What is the main objective of an article like this?… I have no idea! Irresponsible scaremongering certainly springs to mind, along with disbelief. What happened to Faith?
This is not a matter of public relations, Earthly Humanism, or marketing. And this is NOT the place, the time or the subject matter for senseless speculation of utmost gravity!
This is the MOST HOLY SACRAMENT OF THE EUCHARIST, the Body and Blood of Our Lord Jesus Christ, instituted by Him at the Last Supper, with a simple and straight forward request: DO THIS IN MEMORY OF ME.
For 2020 years Christendom has honoured that promise, through and through, amid endless wars, plagues, sieges, catastrophes in Europe and elsewhere and terrible tragedies such as World Wars 1 and 2, persecutions, and even evil, demonic dictatorships such as the Soviet Union and China.
Despite all that, Our Lord Jesus Christ emerges, always radiant, always loving, always REAL and PRESENT, a magnet of the Christian Faith, the ultimate catalyst of the New and Eternal Covenant, declared at every Holy Mass during the Canon, at the Elevation.
COVID-19 is no different than any other calamity the miserable History of Humanity has landed on our doorstep. And as before in 2020 years of Christian History, Our Lord Jesus Christ shall rise again, because we shall raise HIM again. We shall raise him in churches, and if we are forbidden to do so, we shall raise HIM in the streets, in processions, in Open Air Masses, in the open and in hiding if it needs be. And we shall raise HIM again, in public places and in private homes, in gilded altars and on kitchen tables if it comes to that!

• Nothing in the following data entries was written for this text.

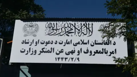 ஆப்கானிஸ்தானில் பெண்கள் விவகாரத் துறை அமைச்சகத்தின் பலகையை நீக்கிவிட்டு, அதற்கு பதிலாக மத கோட்பாடுகளை வலியுறுத்தும் அமைப்பின் பலகையை தாலிபன்கள் வைத்துள்ளனர்.
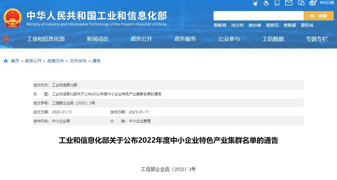 按照《促进中小企业特色产业集群发展暂行办法》(以下简称《暂行办法》)(工信部企业〔2022〕119号)和《工业和信息化部办公厅关于组织推荐2022年度中小企业特色产业集群的通知》(工信厅企业函〔2022〕236号),经各省级中小企业主管部门组织申报推荐、专家评审和公示,确定了100家2022年度中小企业特色产业集群(名单见附件,以下简称集群),现予以通告,并提出有关工作要求。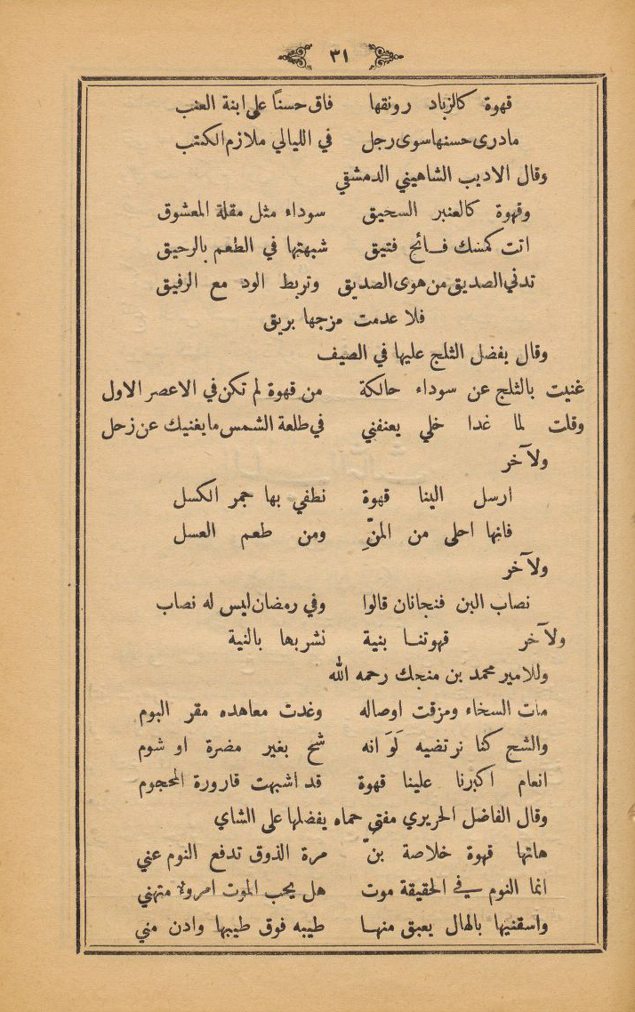 وقهوة كالعنبر السحيق ... سوداء مثل مقلة المعشوق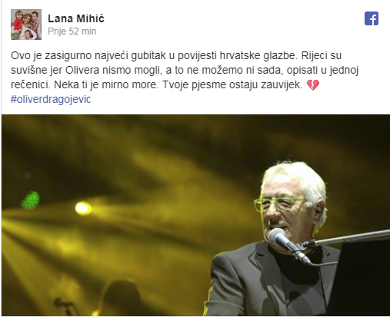 'Nikoga nisam voljela i poštovala kao njega, nikoga nisam slušala toliko kad sam bila tužna i sretna, na ničije koncerte nisam voljela i htjela ići kao na njegove' izražava sućut Lana Jurčević podsjećajući da Oliver nikada neće biti zaboravljen.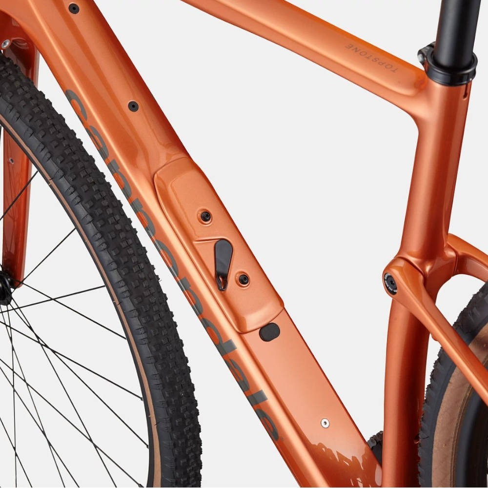 Podstawą roweru gravelowego Cannondale Topstone Carbon 3 GRX 2x12 jest rama w całości wykonana z włókna węglowego – lekka, a przy tym niezwykle wytrzymała i dobrze amortyzująca. Współpracuje ona z opatentowanym tylnym zawieszeniem Kingpin, które tłumi drgania i zwiększa komfort, szczególnie podczas długich godzin w siodle i jazdy z obciążeniem. Konstrukcja ramy została opracowana również pod kątem funkcjonalności: znajdziesz tu wiele punktów montażowych na bidony i torby, a prześwit na szersze niż standardowe opony daje Ci swobodę wyboru ogumienia – od szybkich gravelówek po modele terenowe.

And why?!… Because He promised and so far has never failed us, to fulfil His Mission NEVER TO LEAVE US ALONE, even though He ascended to the Heavens.
So the message for you, and ME, and all others in ALL CHURCHES is simple: Get AWAY from behind the comfort of a screen and a keyboard, put a washed and nicely ironed cassock on, get inside a cotta, grab a stole and get out, celebrate Mass as before. Ring the bells until they drop off the silent towers.
Get organised, invite local brass bands, CELEBRATE the Victory of Resurrection as it should be celebrated. Take the Holy Eucharist in procession from local churches to the Cathedral, stop all the traffic, make a splash, make noise. MAKE A FUSS!
Dying on the Cross for all of us is worth all of that and more, I believe.
Have FAITH! And for goodness sake, blog less, especially when you are bored, it results in train crash articles like this one. Do something else for the Love of God.
Regards.
The Faithful will come, because Love is more powerful than blogs, empty notions, cheap pseudo-debates and all that nonsense.